PEKANBARU, BABEMOI | Aktivis pemerhati hukum dan HAM, M. Rizki, mengkritisi adanya (dugaan) pertemuan atau kongkow-kongkow antara terlapor kasus dugaan pemalsuan dan kekerasan dalam rumah tangga (KDRT) Sahala Sitompul didampingi pengacaranya Hesron Sitepu, dengan Direktur Reserse Kriminal Umum (Dirkrimum) Kombes Asep dan Kapolda Riau Irjen Herimen.
Rizki menilai pertemuan itu sangat tidak etis, dan hal itu mencederai proses penegakan hukum yang adil.
Menurut Rizki, aparat penegak hukum (APH) tidak sewajarnya bertemu dengan pihak yang sedang berperkara, apalagi seseorang yang sudah berstatus sebagai terlapor. Hal ini dapat memicu persepsi negatif di masyarakat.

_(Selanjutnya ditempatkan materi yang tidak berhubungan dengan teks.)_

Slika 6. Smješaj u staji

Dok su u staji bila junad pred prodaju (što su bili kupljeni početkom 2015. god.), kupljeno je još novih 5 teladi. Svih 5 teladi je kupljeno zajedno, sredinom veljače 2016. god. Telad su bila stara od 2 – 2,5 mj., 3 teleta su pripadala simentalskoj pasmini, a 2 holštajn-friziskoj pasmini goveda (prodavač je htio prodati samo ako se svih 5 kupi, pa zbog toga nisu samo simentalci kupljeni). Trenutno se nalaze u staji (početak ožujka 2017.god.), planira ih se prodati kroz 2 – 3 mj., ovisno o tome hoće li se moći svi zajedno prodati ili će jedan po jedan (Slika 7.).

“Ini jelas mencoreng prinsip netralitas penegakan hukum,” kata ujar Rizki dalam keterangan rilis media yang diterima liranews.com, Sabtu (5/7/2025).
“Tidak seharusnya APH menjalin komunikasi atau bahkan membangun kedekatan dengan pihak yang sedang berperkara, apalagi statusnya sebagai terlapor dalam kasus pemalsuan dan KDRT. Ini berpotensi mengganggu objektivitas proses hukum,” lanjut Rizki.

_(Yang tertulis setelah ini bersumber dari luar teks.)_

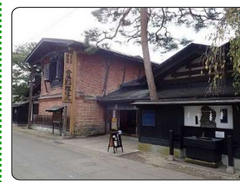
⑦安藤家の正面外観。奥に見えるのが煉瓦造蔵座敷

Ia pun mengaku khawatir pertemuan petinggi Polda Riau dengan pihak berperkara bisa menurunkan kepercayaan masyarakat terhadap institusi kepolisian, khususnya di wilayah Polda Riau.
Karena itu, Rizki mendesak agar Propam segera turun tangan untuk melakukan klarifikasi dan pemeriksaan internal terkait pertemuan tersebut.
“Jika dibiarkan, hal ini akan menjadi preseden buruk bagi penegakan hukum di tanah air. Semua pihak harus diperlakukan sama di mata hukum, tanpa ada pengecualian,” tutup Rizki.